Cant find a wlan0 device. 

Ive check in the kernel everything is the same as before.

 Except after the upgrade  it had deleted my /lib/firmware/rtlwifi/rtl8192cfw.bin 

So I placed the firmware back into the correct directory. 

Modporbed rtlwifi and rtl8129ce and it still wont appear any ideas what the hell is going on ? 

Really starting to grind my gearsLast edited by gentoo_newguy on Thu Jul 12, 2012 3:50 pm; edited 2 times in total

----------

## gentoo_newguy

Anyone ?

----------

## gentoo_newguy

Ok fixed but by emergeing linux-firmware but i had to remove radeon-ucode which i need for X. 

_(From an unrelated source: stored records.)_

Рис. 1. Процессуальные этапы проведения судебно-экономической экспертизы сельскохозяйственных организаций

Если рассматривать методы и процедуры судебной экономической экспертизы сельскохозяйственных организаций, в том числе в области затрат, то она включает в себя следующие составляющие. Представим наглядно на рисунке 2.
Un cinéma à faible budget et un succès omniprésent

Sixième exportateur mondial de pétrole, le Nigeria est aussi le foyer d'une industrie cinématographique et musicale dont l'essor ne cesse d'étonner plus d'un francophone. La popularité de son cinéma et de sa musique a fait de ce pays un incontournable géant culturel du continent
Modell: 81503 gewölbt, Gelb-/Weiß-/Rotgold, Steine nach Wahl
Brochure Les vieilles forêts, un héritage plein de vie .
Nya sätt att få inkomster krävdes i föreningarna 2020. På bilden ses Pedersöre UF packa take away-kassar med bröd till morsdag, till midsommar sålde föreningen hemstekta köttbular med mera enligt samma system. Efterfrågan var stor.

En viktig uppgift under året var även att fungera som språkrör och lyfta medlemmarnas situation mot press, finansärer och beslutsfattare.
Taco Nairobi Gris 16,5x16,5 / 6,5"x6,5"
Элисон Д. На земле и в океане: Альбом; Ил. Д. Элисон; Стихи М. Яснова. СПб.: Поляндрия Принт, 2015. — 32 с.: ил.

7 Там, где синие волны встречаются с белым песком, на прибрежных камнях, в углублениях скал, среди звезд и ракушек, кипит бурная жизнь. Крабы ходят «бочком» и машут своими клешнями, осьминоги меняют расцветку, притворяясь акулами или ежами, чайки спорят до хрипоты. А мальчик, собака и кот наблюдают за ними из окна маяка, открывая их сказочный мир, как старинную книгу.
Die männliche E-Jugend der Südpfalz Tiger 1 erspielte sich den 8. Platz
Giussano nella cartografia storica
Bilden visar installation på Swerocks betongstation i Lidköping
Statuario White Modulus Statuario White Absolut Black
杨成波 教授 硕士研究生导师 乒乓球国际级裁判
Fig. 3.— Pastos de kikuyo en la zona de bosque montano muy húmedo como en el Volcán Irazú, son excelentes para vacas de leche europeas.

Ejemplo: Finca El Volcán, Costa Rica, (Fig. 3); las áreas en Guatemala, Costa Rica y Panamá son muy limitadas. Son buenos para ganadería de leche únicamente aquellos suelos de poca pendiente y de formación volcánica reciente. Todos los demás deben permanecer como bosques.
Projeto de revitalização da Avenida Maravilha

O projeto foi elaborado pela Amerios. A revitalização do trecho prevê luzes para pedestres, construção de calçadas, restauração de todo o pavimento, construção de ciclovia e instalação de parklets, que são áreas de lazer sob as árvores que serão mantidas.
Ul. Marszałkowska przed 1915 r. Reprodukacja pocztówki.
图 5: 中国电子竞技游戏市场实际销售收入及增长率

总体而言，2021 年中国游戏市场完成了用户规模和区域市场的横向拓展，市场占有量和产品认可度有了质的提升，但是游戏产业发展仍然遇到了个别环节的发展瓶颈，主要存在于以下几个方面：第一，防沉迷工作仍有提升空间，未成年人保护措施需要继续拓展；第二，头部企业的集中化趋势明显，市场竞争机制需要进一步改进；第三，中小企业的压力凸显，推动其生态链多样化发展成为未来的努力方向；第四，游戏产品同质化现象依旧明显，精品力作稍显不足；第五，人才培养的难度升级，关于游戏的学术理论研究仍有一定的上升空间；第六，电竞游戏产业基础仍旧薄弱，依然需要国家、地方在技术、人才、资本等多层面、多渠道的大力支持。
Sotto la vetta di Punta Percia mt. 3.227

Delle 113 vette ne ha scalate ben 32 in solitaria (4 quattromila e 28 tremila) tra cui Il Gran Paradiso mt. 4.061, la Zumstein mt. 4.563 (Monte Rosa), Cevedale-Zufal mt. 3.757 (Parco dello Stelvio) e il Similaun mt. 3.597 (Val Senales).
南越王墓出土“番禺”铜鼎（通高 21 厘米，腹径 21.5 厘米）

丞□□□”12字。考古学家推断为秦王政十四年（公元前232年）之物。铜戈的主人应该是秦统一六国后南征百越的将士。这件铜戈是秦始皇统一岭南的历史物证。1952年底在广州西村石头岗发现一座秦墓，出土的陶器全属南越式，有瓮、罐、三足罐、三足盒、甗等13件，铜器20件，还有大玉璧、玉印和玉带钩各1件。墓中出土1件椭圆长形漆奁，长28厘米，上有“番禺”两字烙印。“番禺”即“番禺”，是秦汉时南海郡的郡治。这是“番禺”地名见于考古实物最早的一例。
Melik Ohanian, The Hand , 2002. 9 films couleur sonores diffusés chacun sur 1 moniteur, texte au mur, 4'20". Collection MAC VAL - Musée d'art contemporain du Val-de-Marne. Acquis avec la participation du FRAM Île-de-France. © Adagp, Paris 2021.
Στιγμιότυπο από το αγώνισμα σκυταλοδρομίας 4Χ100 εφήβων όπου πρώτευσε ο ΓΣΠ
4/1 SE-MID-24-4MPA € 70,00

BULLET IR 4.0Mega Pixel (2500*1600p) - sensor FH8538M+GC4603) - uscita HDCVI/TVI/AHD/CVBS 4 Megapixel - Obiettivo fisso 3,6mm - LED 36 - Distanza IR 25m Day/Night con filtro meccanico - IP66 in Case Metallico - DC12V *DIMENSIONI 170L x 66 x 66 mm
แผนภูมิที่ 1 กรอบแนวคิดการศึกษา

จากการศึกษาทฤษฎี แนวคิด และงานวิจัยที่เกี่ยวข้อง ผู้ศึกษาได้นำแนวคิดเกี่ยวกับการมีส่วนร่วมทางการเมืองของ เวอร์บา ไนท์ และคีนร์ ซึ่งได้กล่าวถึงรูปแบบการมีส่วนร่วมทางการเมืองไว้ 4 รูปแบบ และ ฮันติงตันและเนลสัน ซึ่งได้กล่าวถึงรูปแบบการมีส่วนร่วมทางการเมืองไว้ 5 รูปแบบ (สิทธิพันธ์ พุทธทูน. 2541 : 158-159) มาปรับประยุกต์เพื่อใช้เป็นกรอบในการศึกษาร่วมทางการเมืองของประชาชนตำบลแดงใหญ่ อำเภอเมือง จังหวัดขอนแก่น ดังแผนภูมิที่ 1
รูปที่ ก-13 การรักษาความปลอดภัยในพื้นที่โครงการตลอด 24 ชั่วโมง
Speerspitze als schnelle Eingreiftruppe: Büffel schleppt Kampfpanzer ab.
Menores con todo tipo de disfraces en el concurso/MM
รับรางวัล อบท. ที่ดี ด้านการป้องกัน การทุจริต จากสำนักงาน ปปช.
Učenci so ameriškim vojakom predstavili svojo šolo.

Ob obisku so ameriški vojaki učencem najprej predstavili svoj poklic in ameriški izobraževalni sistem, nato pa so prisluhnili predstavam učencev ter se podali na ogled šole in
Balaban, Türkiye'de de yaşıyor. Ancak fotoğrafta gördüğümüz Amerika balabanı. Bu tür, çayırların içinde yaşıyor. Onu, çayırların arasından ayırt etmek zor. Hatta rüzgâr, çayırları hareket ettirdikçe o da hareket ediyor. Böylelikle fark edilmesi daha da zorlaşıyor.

Any ideas on how to solve this ?

Also still have to keep using iwlist scan to connect to my network this makes no sense at all

----------

## Silentsand74

Maybe the Madwifi could solve your problem?

It seems it works with even the recalcitrant wireless cards  :Wink: 

----------

## Gusar

Err, not only is madwifi completely outdated, it's a driver for Atheros, not Realtek.

@gentoo_newguy: If you haven't noticed by now, linux-firmware includes radeon firmware too.

----------

## gentoo_newguy

Ok no problems with that . So the radeon firmware is installed with linux firmware (i didnt no that)

Why does my wifi only connect when i type iwlist scan .

Seems really weird to me. 

I cant pull a lease with dhcpcd doesnt matter if i restart the box or anything wpa supplicant doesnt read anything on startup and iwconfig will show wlan0 but with no network attached to it . i can leave it for 1 min or an hour nothing.

The minute i type iwlist scan it connects. 

Im happy the wifi is working but dont want to have to type this every time i boot up the machine. and the fact it drops about every hour or so and once again i have to type iwlist scan to connect again.

----------